When the banality of Michael Brown’s ordinary teenaged life — music, marijuana, and college aspirations — reveal Brown to be neither straightforwardly thuggish nor innocently cherubic, conservatives lose their ever-lovin’ minds. They spin their wheels trying desperately to fit a square peg into a circular hole. They deplore the mainstream media whom they — and they alone — interpret as casting Michael Brown as a “goody two shoes”, a pejorative phrase that no one defending the humanity of Michael Brown has actually used.
They cannot handle the notion that Michael Brown was — quite simply and humanly — an “unarmed Black teenager”, and that his life — like the life of any human — is valuable, flaws and all. Instead, it is first of disconcerting importance that it be clarified publicly: which of the two stereotypes available to Michael Brown — “thug” or “angel” — did he embody?

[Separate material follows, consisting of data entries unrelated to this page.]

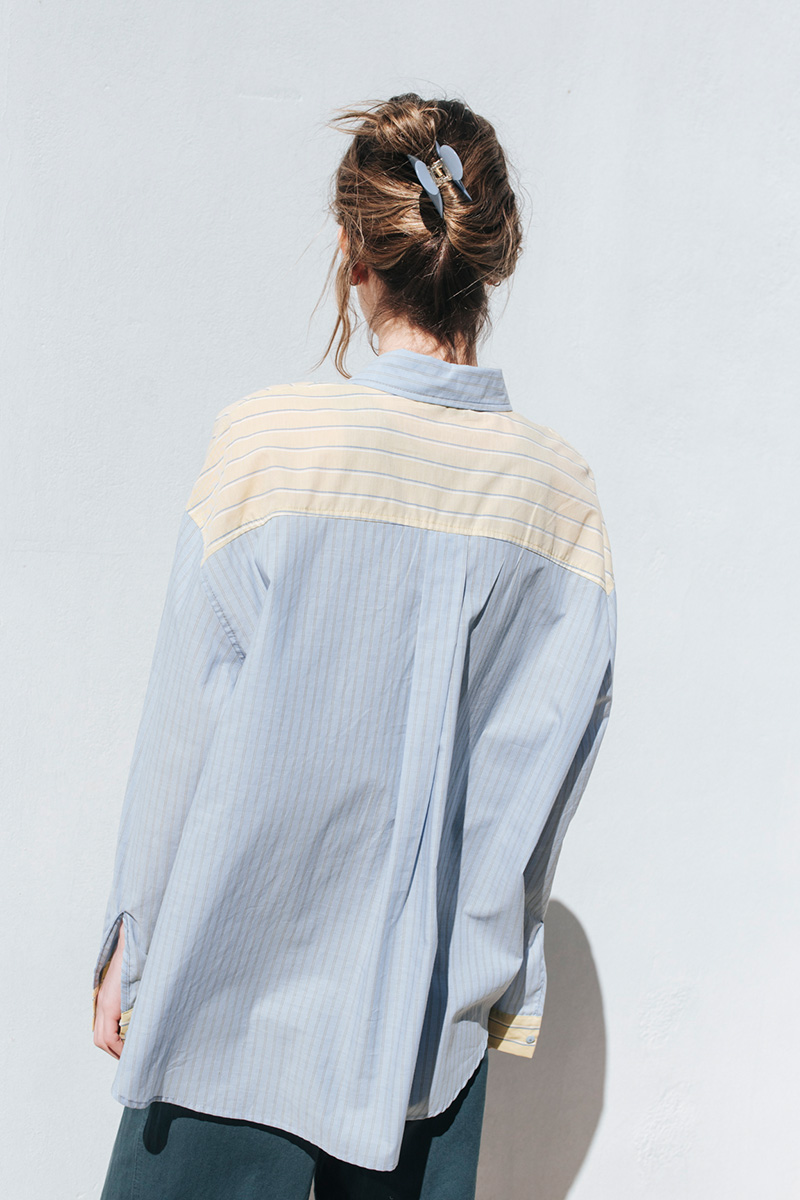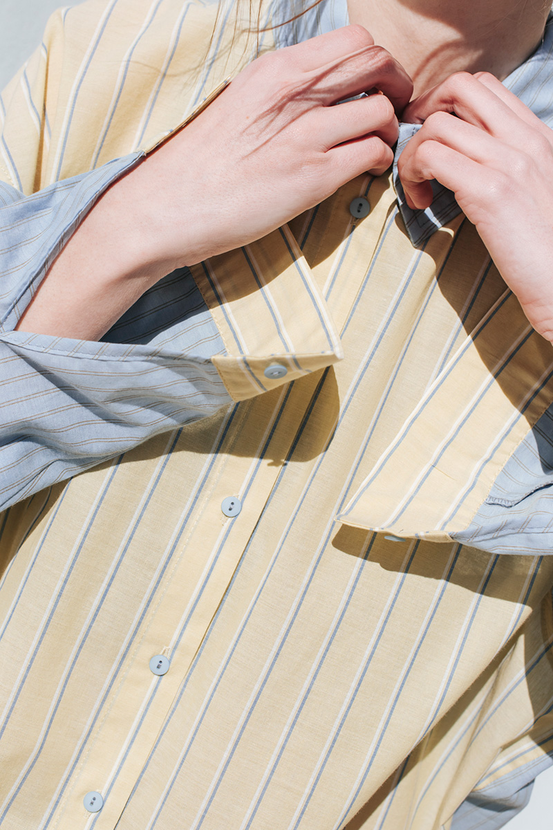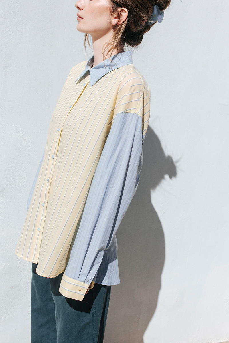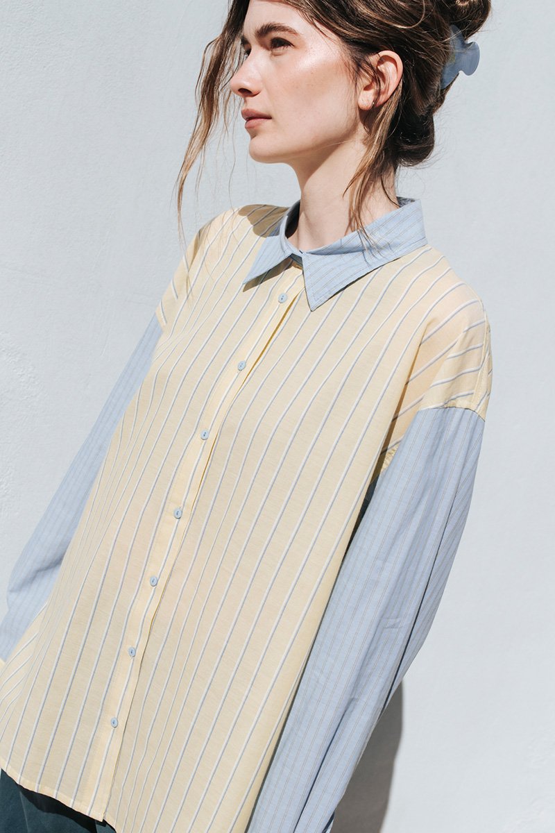 Φαρδύ πουκάμισο δίχρωμο ριγέ με γιακά, κλείσιμο μπροστά με κουμπιά και ασύμμετρο τελείωμα.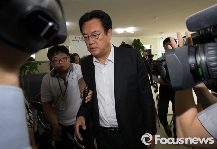 (공주=포커스뉴스) 정진석 새누리당 원내대표가 18일 오후 충남 공주 지난 선거 당시 사용했던 선거사무소에서 측근들과 논의중 잠시 사무실을 나서며 취재진의 질문을 받고 있다.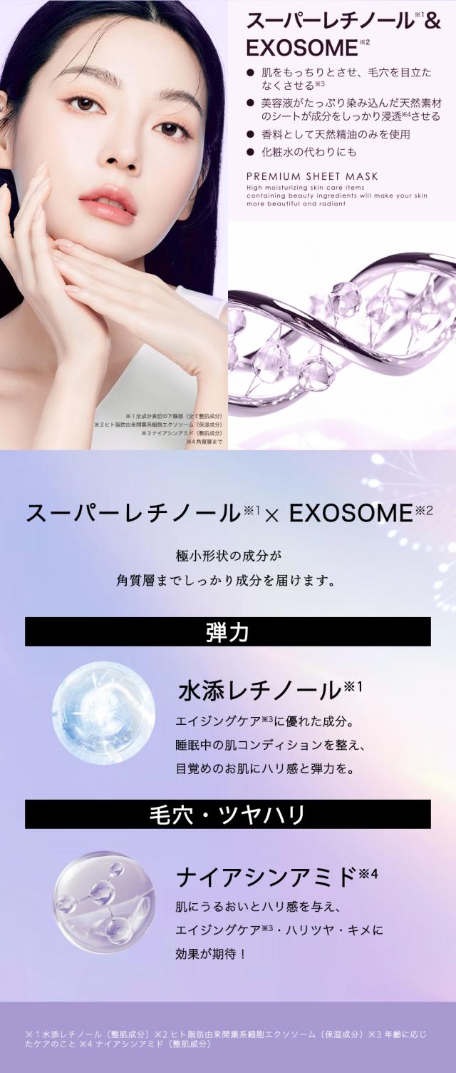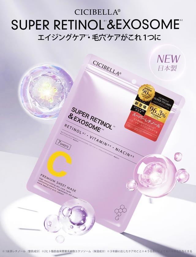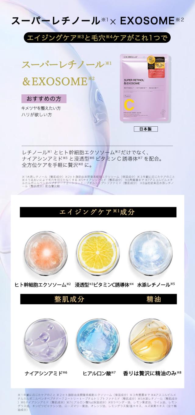 【シシベラスパビタマスクSUPERレチノール×EXOSOME】水、グリセリン、DPG、BG、水添レチノール、ヒト脂肪由来間葉系細胞エクソソーム、ヒト幹細胞順化培養液、アスコルビルメチルカルボニルペンタぺプチド-72-トリ-t-ブチルトリプトファナミド、ヒアルロン酸Na、ヒアルロン酸ヒドロキシプロピルトリモニウム、加水分解コラーゲン、グリチルリチン酸2K、ローマカミツレ花エキス、トウキンセン力花エキス、ヤグルマギク花エキス、カミツレ花エキス、セイヨウオトギリソウ花/葉/茎エキス、フユボダイジュ花エキス、キサンタンガム、クエン酸、クエン酸Na、PEG-60水添ヒマシ油、EDTA-2Na、ラベンダー油、レモングラス油、セイヨウハッカ油、ローズマリー葉油、二オイテンジクアオイ油、メチルパラベン、フェノキシエタノール、水添レシチン、1,2-ヘキサンジオール、ポリソルベート80、カプリリルグリコール、酢酸トコフェロール、トリ(カプリル酸/カプリン酸)グリセリル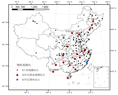 新中国成立后,竺可桢先生开始考虑全国性物候观测,1963年网络建成并开始观测,当年全国共有49个观测站点[3]。1963-1996年陆续有135个观测站点工作。其中,在“文革”期间,当竺先生见到有些物候观测站无法正常工作时,他奔走呼号,直到物候站恢复工作。2002年之后,在笔者艰难争取下恢复了其中的19个站点,并增补银川和福州两个观测站(图1)。在所有观测站点中,37个观测站点观测年份长于15年。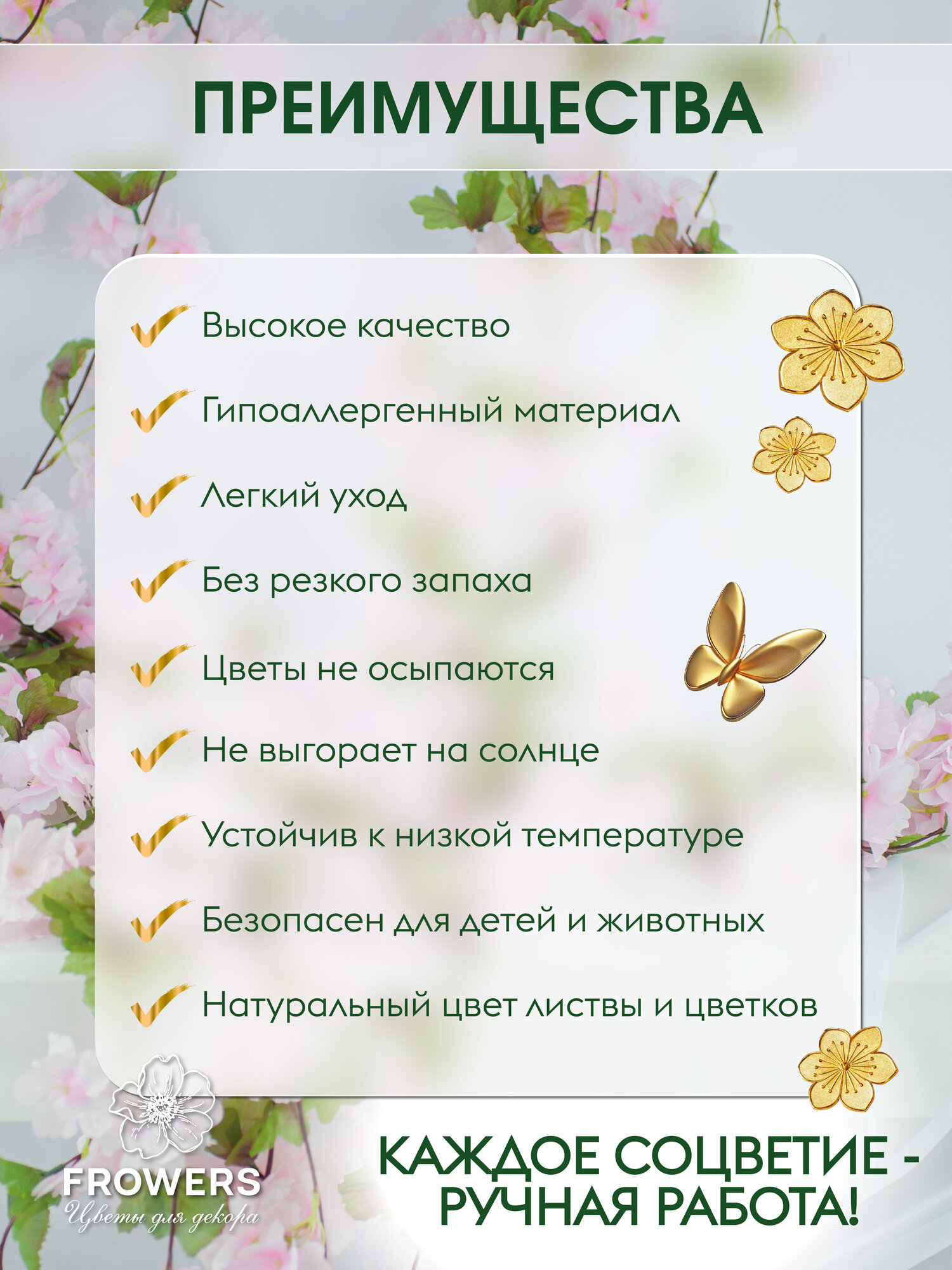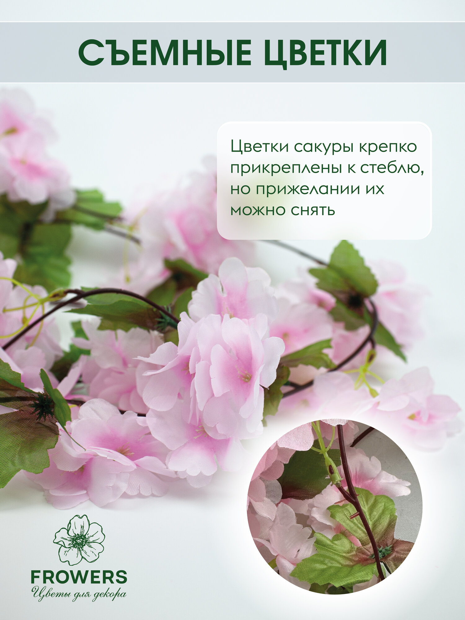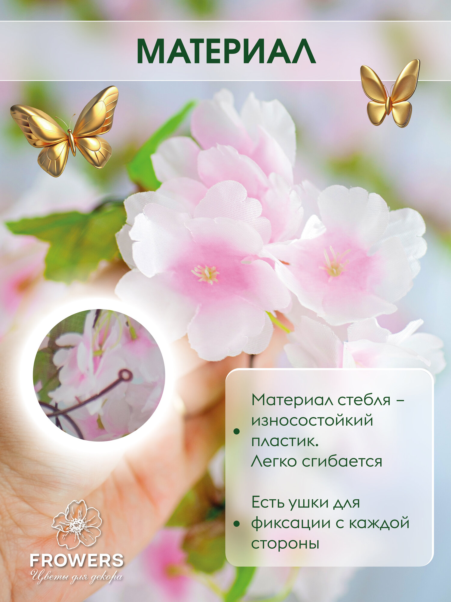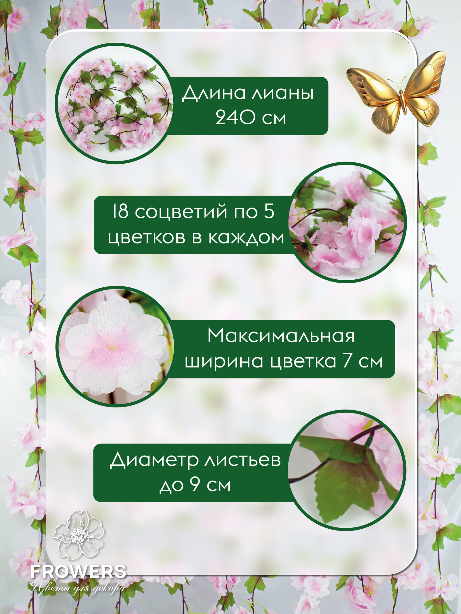 | Дополнительная информация | Искусственные цветы для декора дома, Лиана с листьями Японская Вишня Сакура Белая, 1 штука 240 см |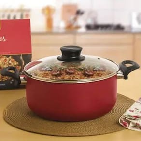 A Caçarola Vermelha Tramontina Turim é uma peça essencial para qualquer cozinha que busca eficiência e estilo. Com 20 cm de diâmetro e capacidade de 2,8 litros, ela é ideal para preparar uma variedade de pratos, desde receitas do dia a dia até pratos mais elaborados. Fabricada em alumínio de alta qualidade, a caçarola garante uma excelente distribuição de calor, permitindo um cozimento uniforme e eficiente dos alimentos. O revestimento antiaderente Starflon Max proporciona uma superfície de cozimento que evita que os alimentos grudem, facilitando a limpeza e promovendo uma cozinha mais prática e saudável. O design elegante na cor vermelha adiciona um toque de modernidade à sua cozinha, enquanto o revestimento resistente ao desgaste assegura durabilidade e performance a longo prazo. A caçarola é compatível com diversas fontes de calor e possui uma estrutura robusta, tornando-a uma escolha confiável para suas preparações culinárias.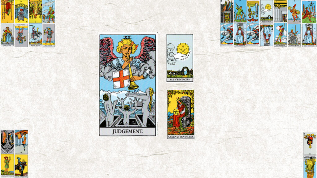 今月のテーマは【ⅩⅩ 審判】。今日の鍵をくださいと二枚引いたら、ペンタクルエース正位置とペンタクルクィーン正位置

I am reminded of my own experiences as an Asian American, and the stifling Orientalism that describes our day-to-day existence. The stereotypes of the Asian American community are a case study in extremes: the hyper-physical martial artist or the meek cubicle engineer; the cutthroat industrialist or the servile coolie; the dragon lady or the lotus blossum.
The same dynamic is true for all people of colour. The center is unavailable to us; it has already been defined by — and therefore reserved for — the Occidental. All that remains is navigation between the thin orbiting stereotypes that represent the extreme.
And so, Michael Brown can either be “angel” or “thug”; he can never be simply human.